- Born: 19 February 1962 (age 64) Thames, New Zealand
- Education: University of Auckland
- Known for: Aerosol and Cloud Remote Sensing
- Scientific career
- Fields: Remote Sensing, Atmospheric Physics
- Workplaces: University of Oxford, St Hugh's College

= Roy Gordon Grainger =

New Zealand physicist

Roy Gordon Grainger (born 19 February 1962) is a New Zealand physicist. He is head of the Earth Observation Data Group in the Atmospheric, Oceanic and Planetary Physics Sub-Department at the University of Oxford and a Tutorial Fellow in Physics at St Hugh's College, Oxford.

==Education==
Grainger was educated at Auckland Grammar School before attending the University of Auckland to read physics. He gained a Doctorate in Atmospheric Physics on the subject of remote sensing of cloud properties, where his supervisor was Stuart Bradley. The title of his doctoral thesis was The calculation of cloud parameters from AVHRR data. He worked for a short time in UV research at the New Zealand Meteorological Service before taking up a post-doctoral position in the Physics Department in Oxford, where his research was focused on measurement of stratospheric aerosols using the ISAMS satellite instrument designed at Oxford.

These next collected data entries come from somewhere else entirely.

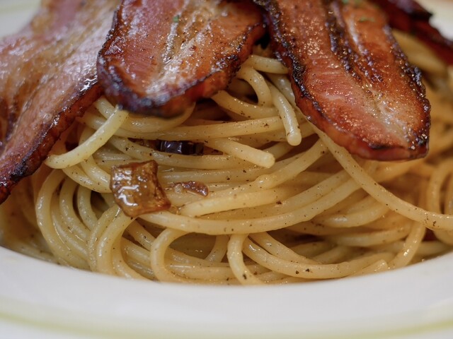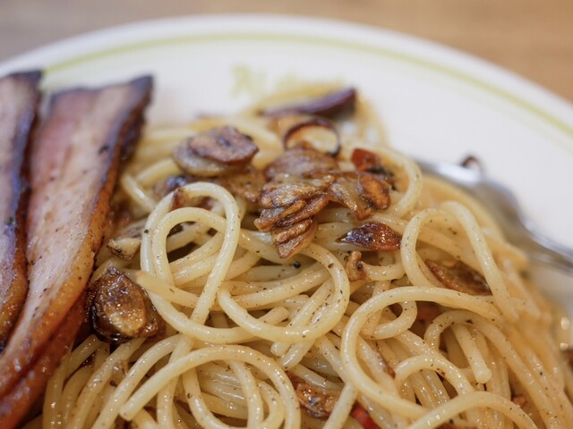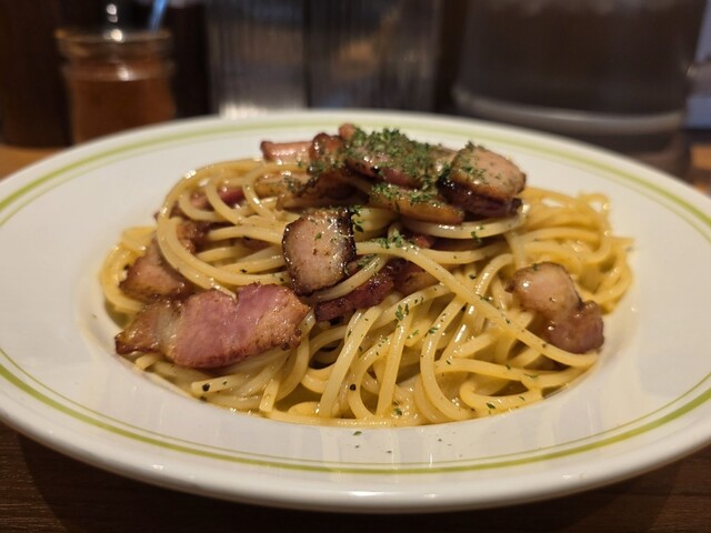 今回いただいたのは、カルボナーラ(普通サイズ)。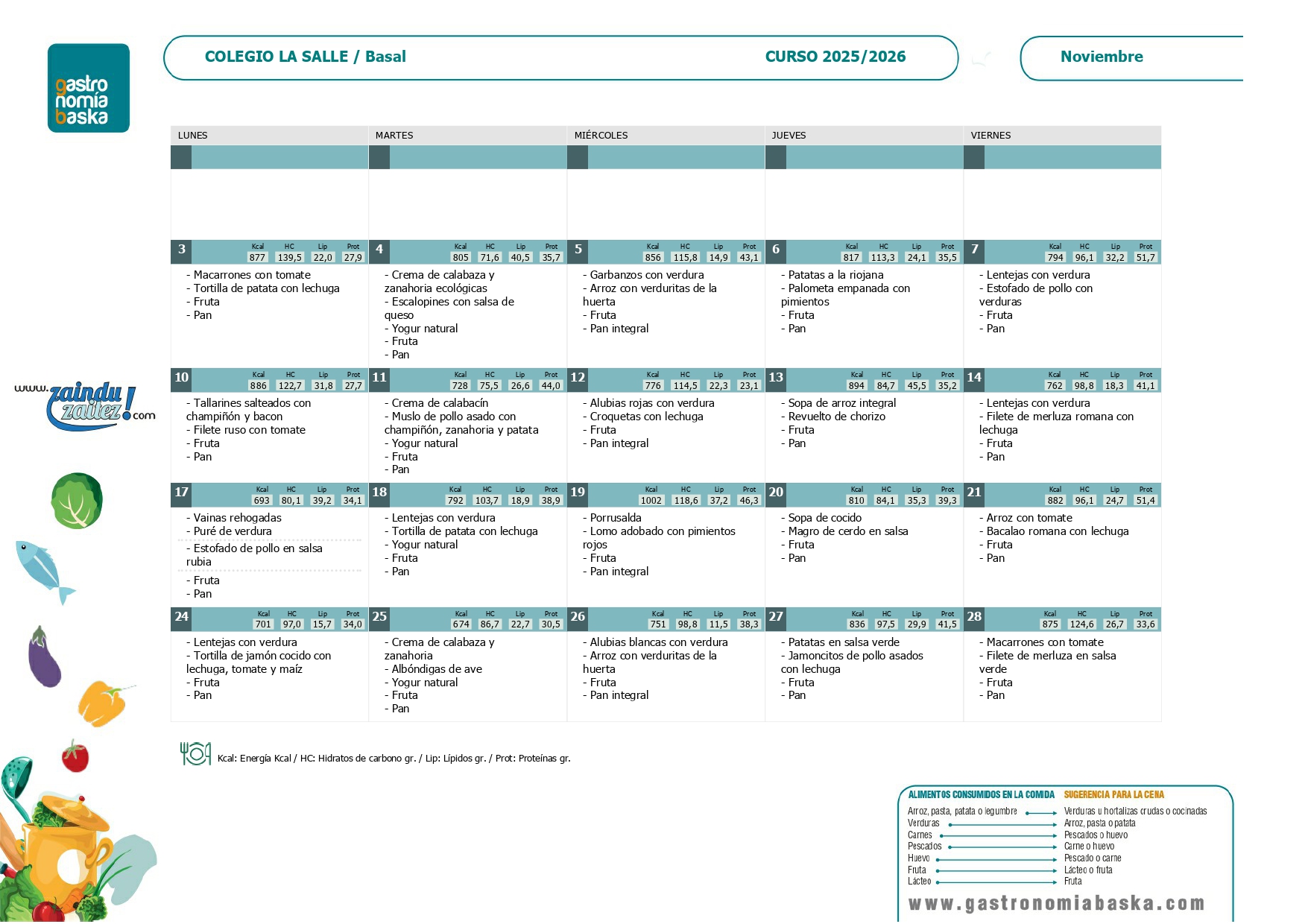 La comida que se sirve en el comedor escolar es preparada diariamente por Gastronomia Baska en la cocina del centro.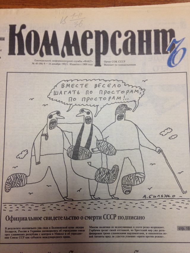 На следующий день после подписания Беловежских соглашений газета "Коммерсант" вышла с карикатурой на первой полосе: Кравчук, Шушкевич и Ельцин "шагают по просторам".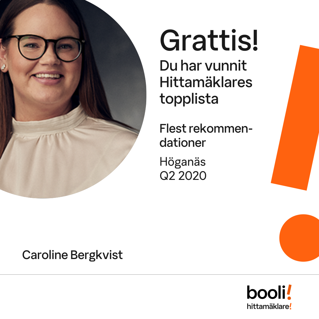 Statistik för publicerade bostäder, försäljningar och omdömen baseras på data från Booli och Hittamäklare. Statistiken för försäljningar avser inrapporterade och verifierade slutpriser från mäklare eller av Booli inhämtade och verifierade slutpriser. Statistiken för publicerade bostäder baseras på information som publicerats på Booli.se. Statistik för omdömen och rekommendationer baseras på omdömen från säljare som lämnats via Booli och Hittamäklare.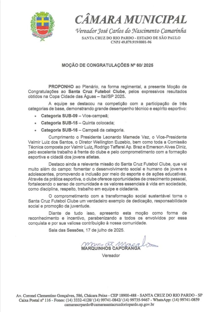 O Santa Cruz Futebol Clube, mais nova escola de futebol da cidade, foi homenageado na Câmara Municipal na sessão de segunda-feira (21). O autor da homenagem foi o vereador Marquinhos de Caporanga. A equipe se destacou na Copa Cidade das Águas, disputada este ano em Itaí (SP) em três categorias, obtendo o vice-campeonato com a Sub-09, o quinto lugar com o sub-15 e sagrando-se campeã com a equipe sub-16. A escola funciona no campo do Parque das Nações. Atualmente são 80 alunos de 8 a 16 anos, com aulas gratuitas.
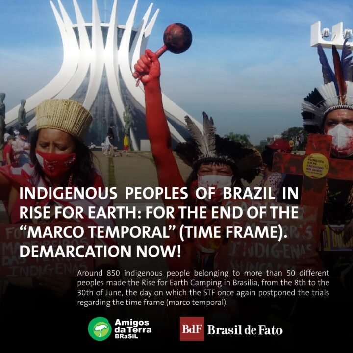 Around 850 indigenous people belonging to more than 50 different peoples made the Rise for Earth Camping in Brasília, from the 8th to the 30th of June, the day on which the STF once again postponed the trials regarding the time frame (marco temporal). The indigenous movement, which mobilised 1200 indigenous people in Brasília on the week of June 30th, and in hundreds of protests around the country, decided that the delegations from various states will return in August, when the STF resumes the trial.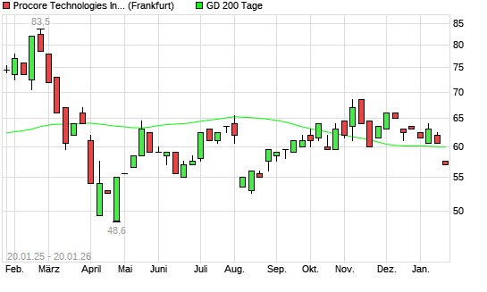 Mit dem Rücksetzer auf 57,50 EUR hat die Procore Technologies-Aktie am 19.01.2026 die 200-Tage-Linie nach unten gekreuzt.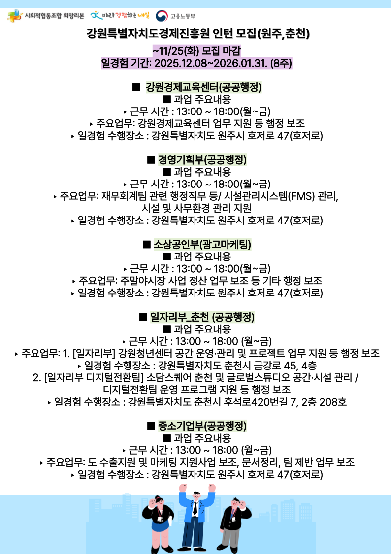 원주, 춘천 강원특별자치도경제진흥원 인턴을 모집합니다! 신청과 자세한 운영계획서는 청년 일경험 포털에서 경제진흥원 검색 부탁드립니다 :) 감사합니다!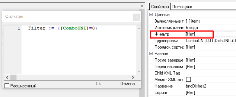 8. При использовании комбо-блюд необходимо использовать фильтр:
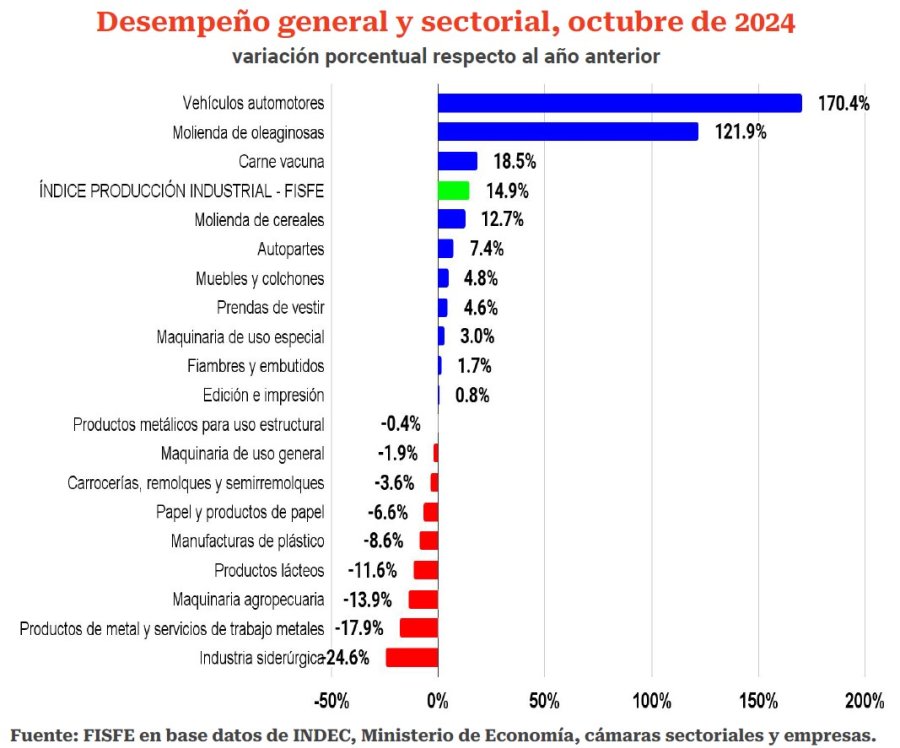 En este sentido, las ramas de actividad de mayor contribución al producto industrial en la provincia de Santa Fe presentaron en octubre de 2024 los siguientes resultados en relación al mismo mes del año anterior: Vehículos automotores (+170,4%), Molienda de oleaginosas (+121,9%), Carne vacuna (+18,5%), Molienda de cereales (+12,7%), Autopartes (+7,4%), Muebles y colchones (+4,8%), Prendas de vestir (+4,6%), Maquinaria de uso especial (+3,0%), Fiambres y embutidos (+1,7%), Edición e impresión (+0,8%), Productos metálicos para uso estructural (-0,4%), Maquinaria de uso general (-1,9%), Carrocerías-Remolques (-3,6%), Papel y productos papel (-6,6%), Manufacturas de plástico (-8,6%), Productos lácteos (-11,6%), Maquinaria agropecuaria (-13,9%), Productos de metal y servicios de trabajo metales (-17,9%), e Industria siderúrgica (-24,6%).

In 1998, he returned to New Zealand to accept a Lectureship at the University of Canterbury, where he conducted new instrumental work to measure aerosol properties.

==Research==
Grainger is the Principal Investigator of the Optimal Retrieval of Aerosol and Cloud (ORAC) project, which is a community code to optimally estimate aerosol and cloud properties from satellite imagery, and was principally responsible for starting this project.

The Earth Observation Data Group which he heads is primarily interested in atmospheric trace gases and clouds (especially with regard to processes which control climate), and conducts satellite studies of atmospheric aerosols.

==Personal life==
Grainger lives in Oxford, England, and is the great-grandson of Alfred Henry Grainger, after whom Grainger Falls is named.